Integral fields not suffixed with _be or _le will take the endianness of the "target". The target endian by default is the same as that of the host machine, but can be configured by modifying HydraSettings or by specifying serialization-time settings.


A validator object can be assigned to a struct data member to define validation rules. When deserializing an object from binary data, the framework will validate the values using the user-defined validation-rules.

If an invalid value is encountered, a ValueError is raised.

class MeIsValidated(Struct):
    member = i8(0, validator=RangeValidator(-15, 15))


MeIsValidated.deserialize('\x10')  # => ValueError: The deserialized data is invalid.

There are a few built-in validators defined for the following rules:

  • RangeValidator: Range check
  • ExactValueValidator: Exact value check
  • BitSizeValidator: Bit-Length check
  • CustomValidator: Lambda validation (receives a user function.)
  • TrueValidator & FalseValidator: Dummy validators (always true / always false)

More validators can be defined by subclassing the Validator class.

Lambda Validators

The user can use a lambda expression (or any function) instead of a validator object as validation rule.

class MeIsLambda(Struct):
    member = i8(0, validator=lambda value: value % 3 == 0)


A Struct derived class can implement hooks.

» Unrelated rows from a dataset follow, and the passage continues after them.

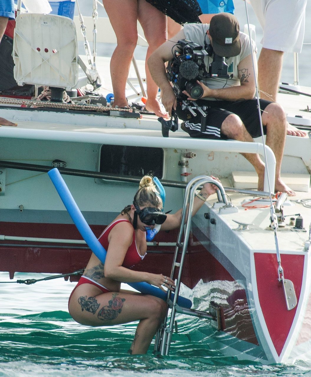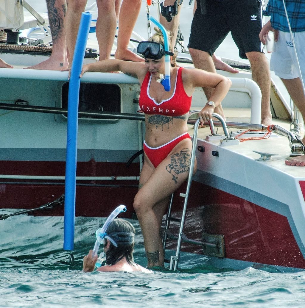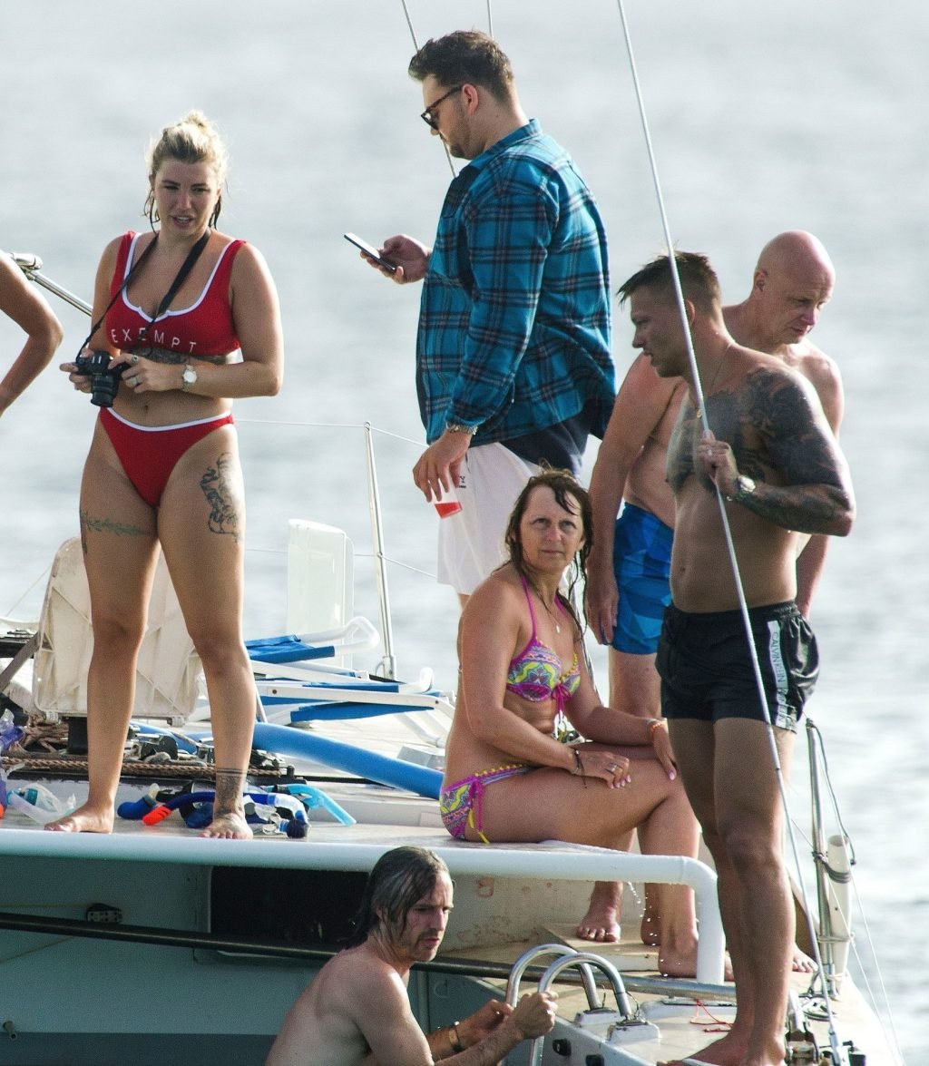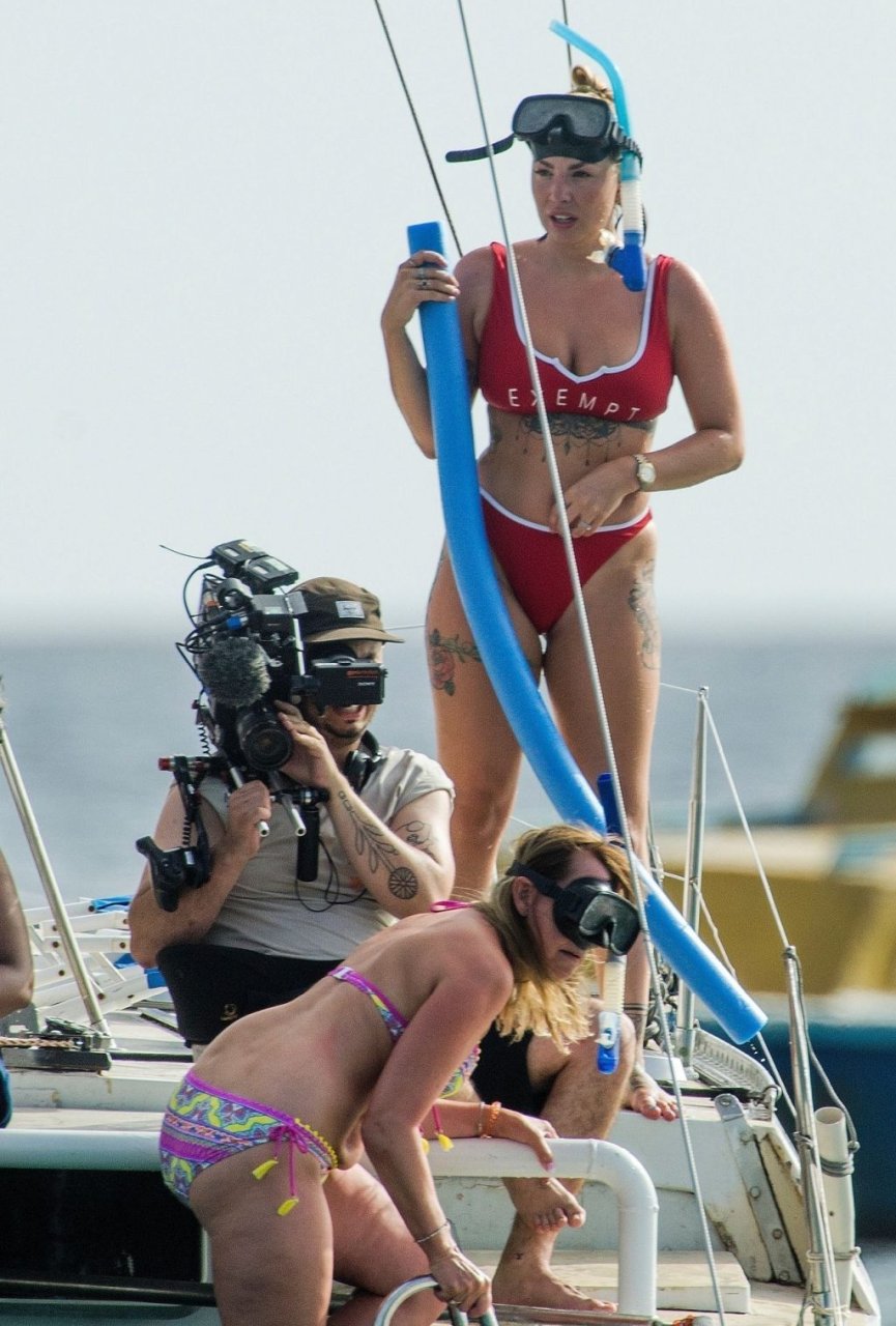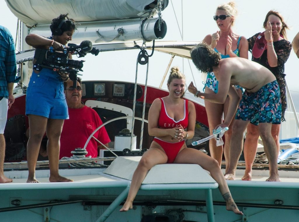 Estrelas de reality show Olivia Buckland e Alex Bowen foram vistos durante uma sessão de filmagem a bordo de um barco no final da tarde de quinta-feira em Barbados, 25/07/2019.
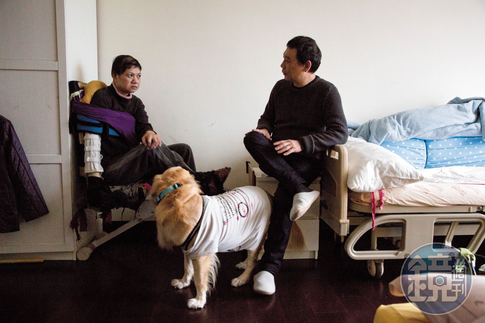 Joanne因重度腦中風,身體無法使喚,大小便失禁,四肢逐漸萎縮僵化,若非用布帶束縛,身體會癱軟倒下。9年來,凌威請一名看護,二人24小時共同照顧她,「早上起床幫她騎車、站立、走路3小時,保持體能,下午也3小時,其餘時間我會陪她看電視,這就是我的家庭生活。」
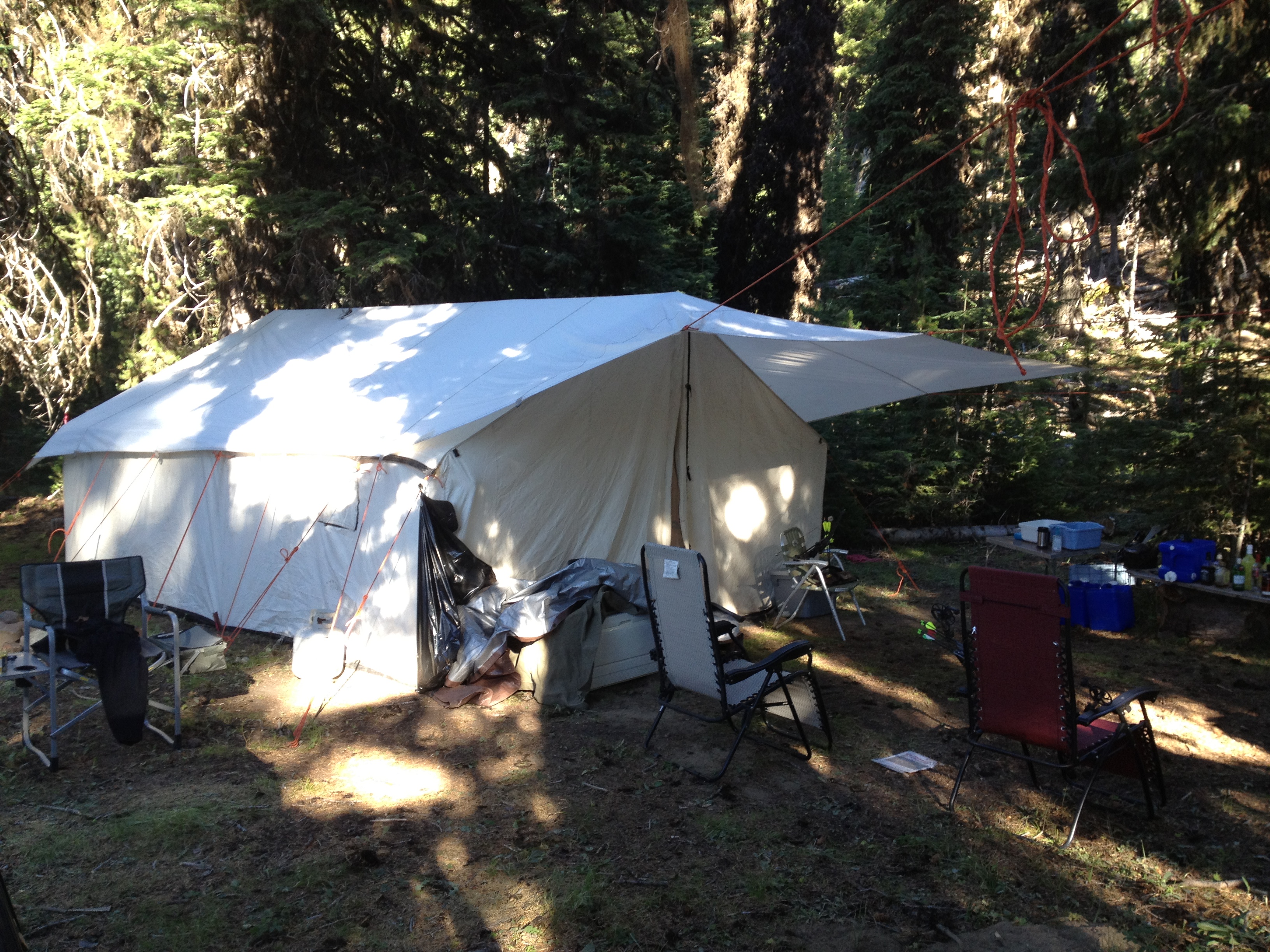 My goal every year is to at least hunt the first and last day of each bow season here in Oregon (tags permitting). Nothing beats the anticipation and excitement of opening day. For the past few seasons I have hunted the first week of the season out of an eastern Oregon camp. My friends set up camp on the Thursday prior to the opener to ensure we have the best spot for our base of operations. A quality camp makes the hunt better. Early season brings warm days with cool nights, plus the infamous dust that grows each day as hordes of hunter pound the roads. Being off the beaten path and way back on rough roads the trailers, four wheelers, and generators don’t travel makes our camp pleasant.
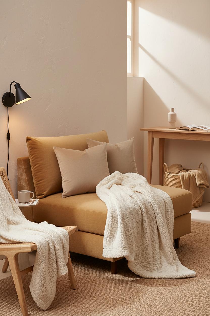 Layering your throws works the same magic. A sherpa throw blanket draped across a sofa arm or folded at the foot of the bed creates that cloud-soft look we crave in a hygge living room, and when temperatures rise, you can trade it for a breathable cotton waffle or gauzy knit without losing the sense of comfort. Try mixing one plush layer with one smooth layer to balance weight and texture; the contrast photographs beautifully and keeps the room from feeling heavy. For mood and dimension, add a plug in wall sconce near your reading nook so the light grazes those nubby weaves and soft velvets at night—instant atmosphere, zero hardwiring, very renter-friendly.
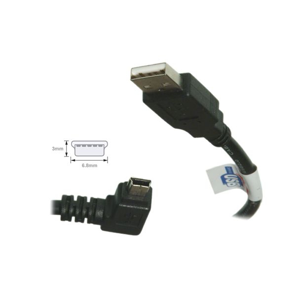 USB 2.0 cable with Mini B plug LEFT ANGLED 1m
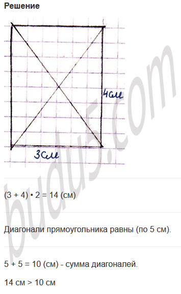 Задание № 21. Начерти прямоугольник со сторонами 3 см и 4 см. Проведи его диагонали, измерь и сравни их длины. Определи, что больше - периметр этого прямоугольника или сумма длин его диагоналей?
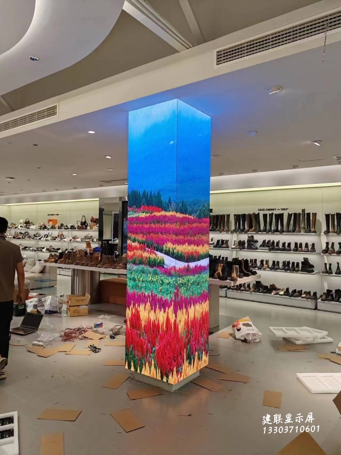 近日,在鄭州某商場,一款柱形LED顯示屏又稱柱子屏安裝完畢,采用室內(nèi)P2全彩LED顯示屏,面與面之間實現(xiàn)了無縫隙化連接!運用了E結(jié)構(gòu)工藝,通過與實際安裝現(xiàn)場環(huán)境相結(jié)合,打造出了創(chuàng)意led顯示屏新品,該屏造型獨特,擺脫了傳統(tǒng)平面顯示屏的感官,給人帶了全新視覺上的立體感!隨著科技的進步和市場的需求,LED顯示屏已經(jīng)不再局限于傳統(tǒng)的平面形狀,越來越多的特殊形狀,如球形、曲面、柱狀形等都已經(jīng)成為可能.柱狀形LED顯示屏因其的視覺效果和功能性而得到了廣泛的應(yīng)用.
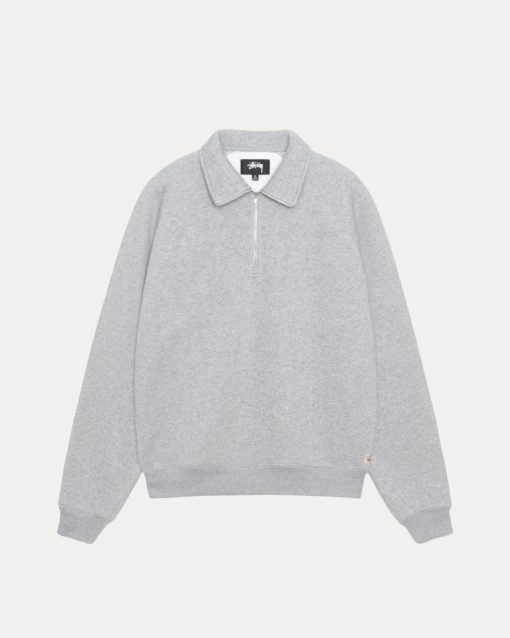 Half-zip sweatshirt in a garment washed. heavyweight 535gsm cotton blend fleece. Relaxed. slightly cropped fit with a raglan sleeve. brushed interior and Stüssy authentic workgear label at the side seam.
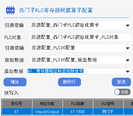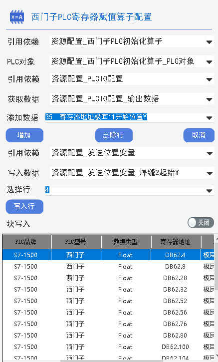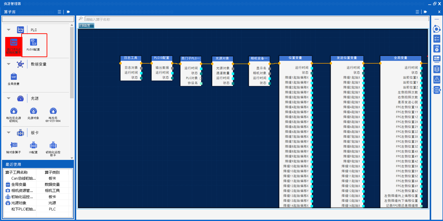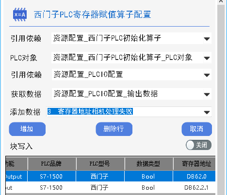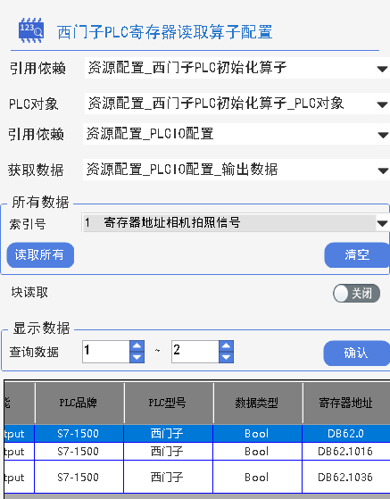 第二步:配置PLC寄存器地址资源以及连接西门子S71500PLC,通过PLCIO配置和西门子PLC初始化算子实现
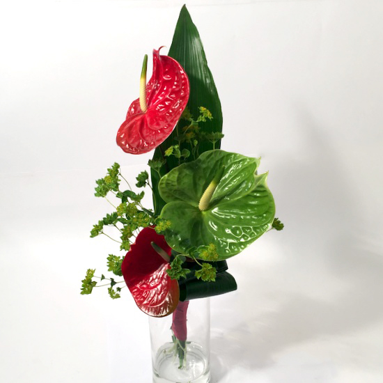 Esinduslik kimp flamingolilledega. Pildil olev kimp on keskmise suurusega- 3 lille, väikeses kimbus on 2 lille ja külluslikus 5 lille
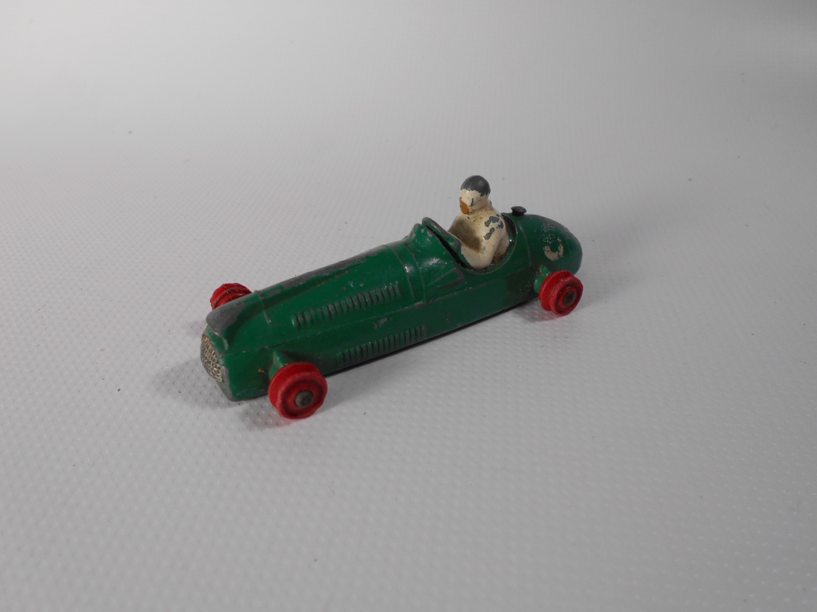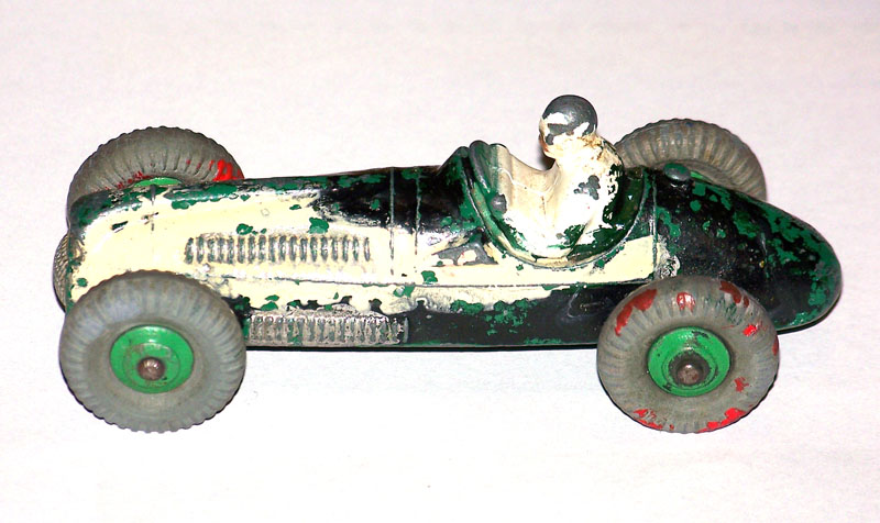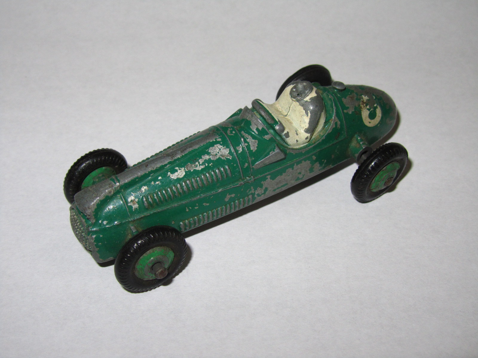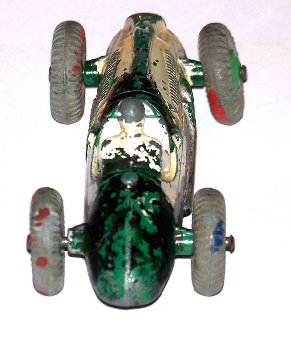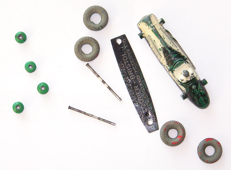 Complete but badly repainted. Hard and cracked rubber tires. Purchased on eBay. The first task will be to disassemble and strip the paint. The strip down was straight forward. The rivets were drilled out using a #43 bit, followed by a larger size to break the rivet top. Care was taken to ensure the initial hole was centered and breaking the rivet top did not damage the chassis. The choice of a #43 bit was that it could be re-riveted or tapped and screwed. The ends of the axles were tapped flat and the wheels removed. One end of the axle was originally tapped over and this is the end that was tapped flat. A small hammer and anvil is ideal for this. The next stage is to strip the paint and I use aircraft paint stripper. It is very corrosive so no getting it on your hands or breathing in the fumes, but it does work very well. A good wash in soapy water is good enough to prepare for new paint. For some reason the white paint used for the driver was difficult to remove, a little sand blasting may have helped. Casting marks were removed and a coat of primer and several top coats were applied to wheels and body, the base plate recoated in black. A little paint here and there and reassembled using small threaded screws. Needs only the number applied to the sides.
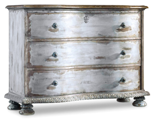 Majestic, graceful and distinctive, the Charleston Three-Drawer Accent Chest has a serpentine-shaped front, handpainted accents on the shaped botto...
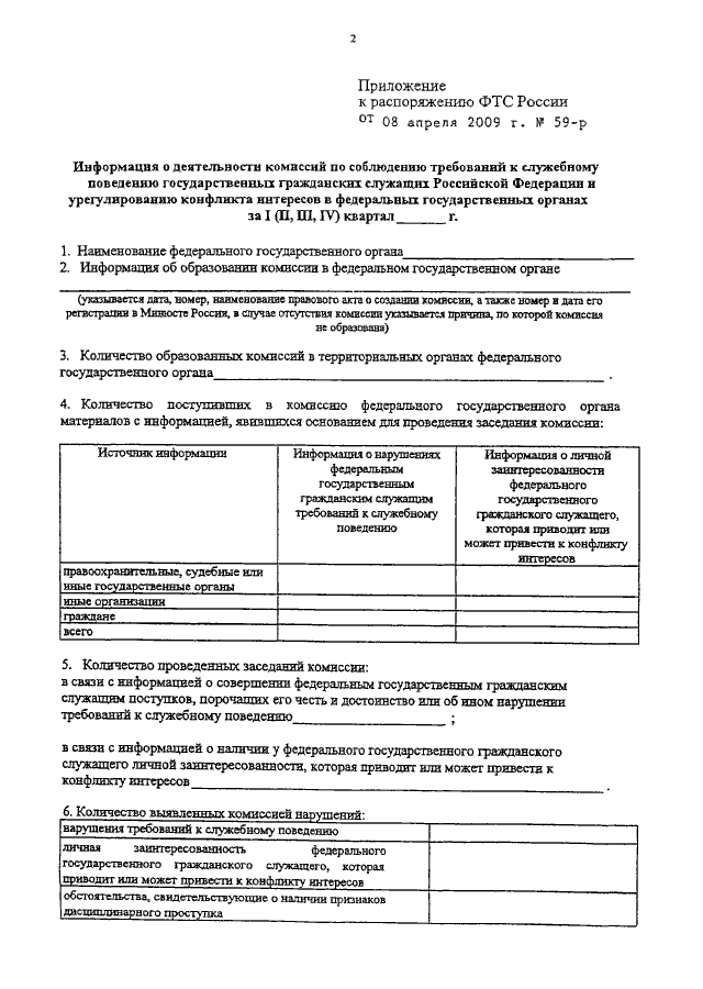 РАСПОРЯЖЕНИЕ ФТС РФ от 08.04.2009 N 59-р

This method will be called before a serialization is about to occur.

Note: This method will not be called if either HydraSettings.dry_run is True, or serialize is called with dry_run=True


This method will be called after a serialization has occurd.

Note: This method will not be called if either HydraSettings.dry_run is True, or serialize is called with dry_run=True


Called after a de-serialization is completed. If it returns a Falsey value, the deserialize raises an error.

If not overriden by the user in a custom Struct class, the method will validate using the type formatters' validators.

The user can, of course, override the method to add custom validations, and then invoke the original validate method.

Note: No errors will be raised if HydraSettings.validate is set to False.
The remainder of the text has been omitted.